Given data Block Start

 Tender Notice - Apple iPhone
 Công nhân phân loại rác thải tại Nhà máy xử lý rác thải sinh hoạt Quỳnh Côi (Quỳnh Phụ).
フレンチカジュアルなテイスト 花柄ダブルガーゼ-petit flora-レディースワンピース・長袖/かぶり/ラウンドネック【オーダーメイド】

Given data Block End
Given data Block Start

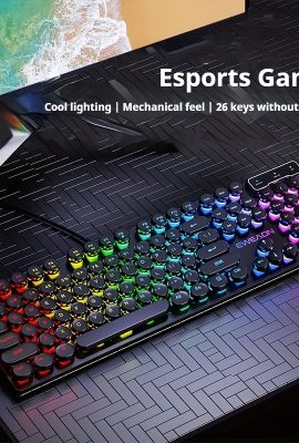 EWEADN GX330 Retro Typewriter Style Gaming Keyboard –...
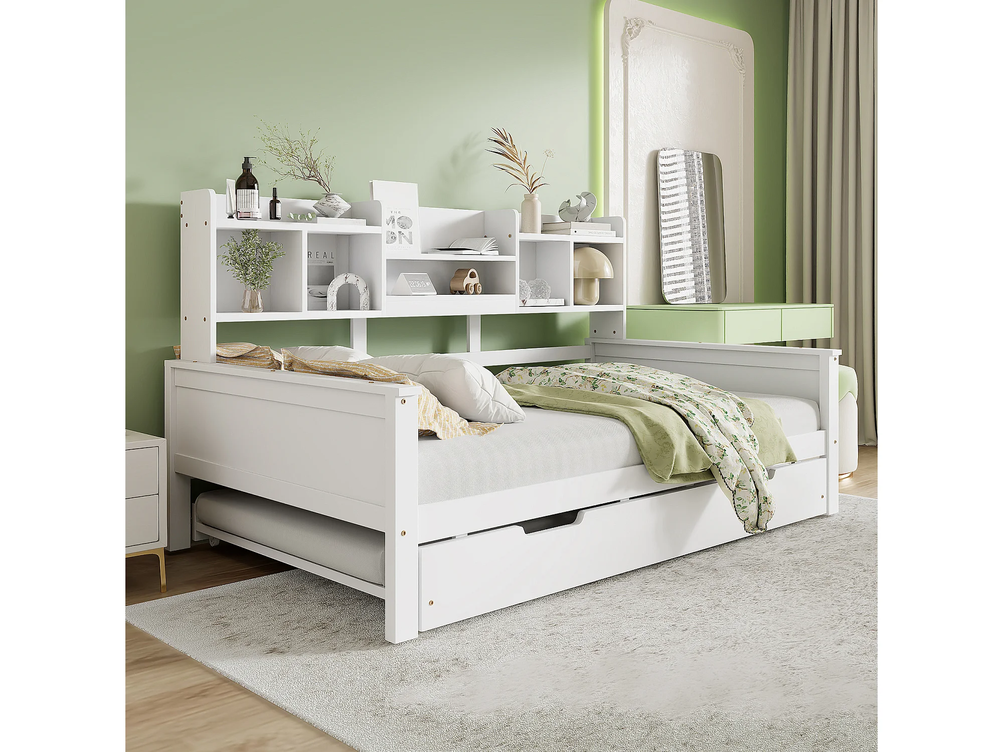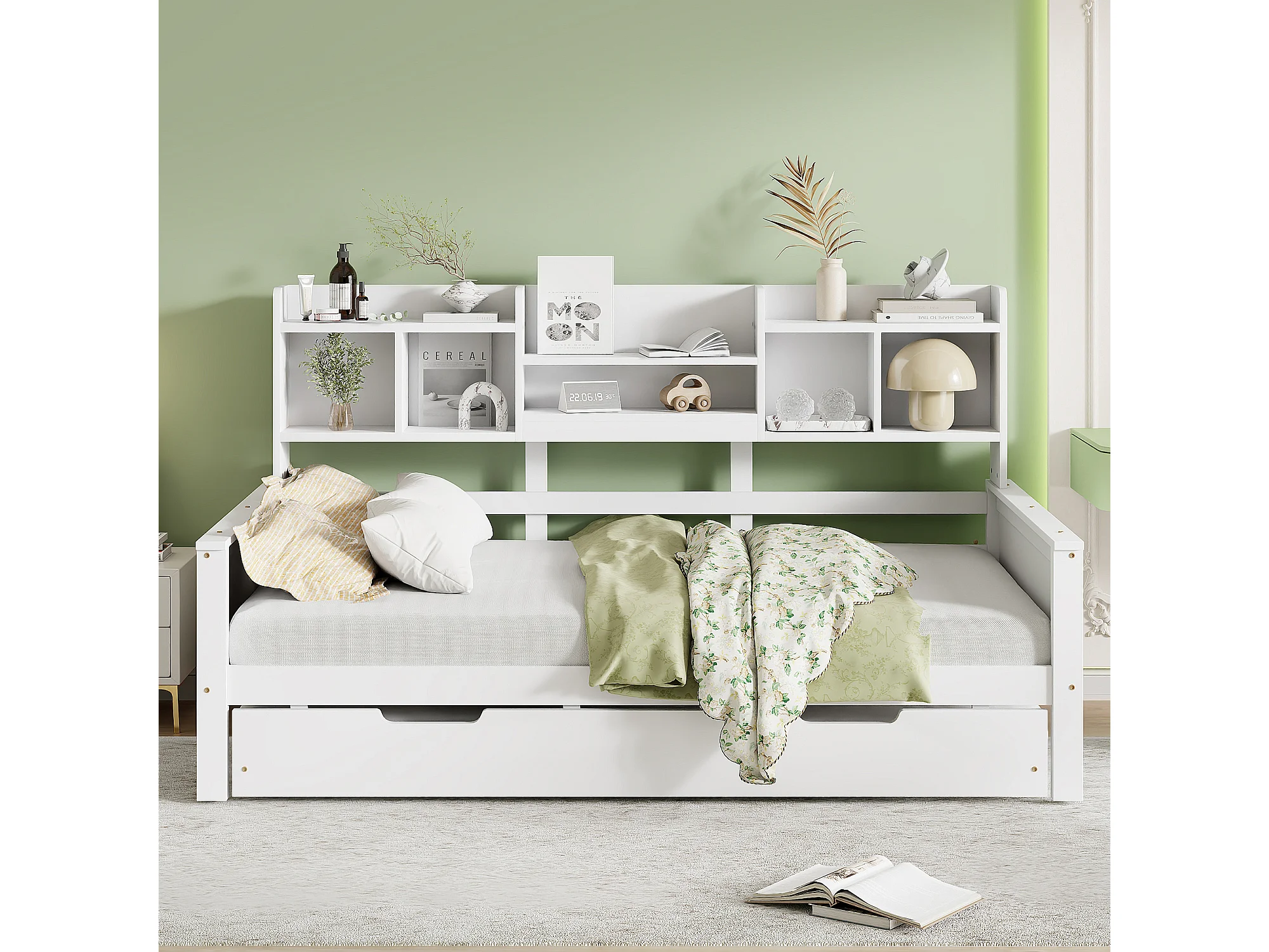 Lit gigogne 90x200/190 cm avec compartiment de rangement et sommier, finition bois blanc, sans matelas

Given data Block End
Given data Block Start

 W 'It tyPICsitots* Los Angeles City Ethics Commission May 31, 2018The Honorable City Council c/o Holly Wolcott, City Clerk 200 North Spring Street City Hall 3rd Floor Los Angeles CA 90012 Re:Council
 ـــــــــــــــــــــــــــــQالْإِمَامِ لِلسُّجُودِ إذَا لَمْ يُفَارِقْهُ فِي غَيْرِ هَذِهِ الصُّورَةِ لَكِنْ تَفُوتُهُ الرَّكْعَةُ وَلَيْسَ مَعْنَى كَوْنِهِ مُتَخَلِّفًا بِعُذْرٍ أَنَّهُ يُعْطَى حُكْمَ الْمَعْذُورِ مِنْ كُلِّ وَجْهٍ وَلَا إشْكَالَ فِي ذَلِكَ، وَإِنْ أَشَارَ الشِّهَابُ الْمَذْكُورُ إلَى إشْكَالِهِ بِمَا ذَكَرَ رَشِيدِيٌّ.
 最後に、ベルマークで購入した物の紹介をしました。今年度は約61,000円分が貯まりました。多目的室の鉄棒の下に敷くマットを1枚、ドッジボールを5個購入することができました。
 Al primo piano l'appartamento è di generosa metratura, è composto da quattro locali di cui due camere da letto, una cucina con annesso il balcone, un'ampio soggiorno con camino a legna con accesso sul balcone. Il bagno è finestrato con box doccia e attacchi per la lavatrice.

Given data Block End

__Your goal__
From the records above, reproduce exactly the lines from the one with "W 'It tyPICsitots*" to the one with "Al primo piano", both included, and no others.

__Written solution__
 W 'It tyPICsitots* Los Angeles City Ethics Commission May 31, 2018The Honorable City Council c/o Holly Wolcott, City Clerk 200 North Spring Street City Hall 3rd Floor Los Angeles CA 90012 Re:Council
 ـــــــــــــــــــــــــــــQالْإِمَامِ لِلسُّجُودِ إذَا لَمْ يُفَارِقْهُ فِي غَيْرِ هَذِهِ الصُّورَةِ لَكِنْ تَفُوتُهُ الرَّكْعَةُ وَلَيْسَ مَعْنَى كَوْنِهِ مُتَخَلِّفًا بِعُذْرٍ أَنَّهُ يُعْطَى حُكْمَ الْمَعْذُورِ مِنْ كُلِّ وَجْهٍ وَلَا إشْكَالَ فِي ذَلِكَ، وَإِنْ أَشَارَ الشِّهَابُ الْمَذْكُورُ إلَى إشْكَالِهِ بِمَا ذَكَرَ رَشِيدِيٌّ.
 最後に、ベルマークで購入した物の紹介をしました。今年度は約61,000円分が貯まりました。多目的室の鉄棒の下に敷くマットを1枚、ドッジボールを5個購入することができました。
 Al primo piano l'appartamento è di generosa metratura, è composto da quattro locali di cui due camere da letto, una cucina con annesso il balcone, un'ampio soggiorno con camino a legna con accesso sul balcone. Il bagno è finestrato con box doccia e attacchi per la lavatrice.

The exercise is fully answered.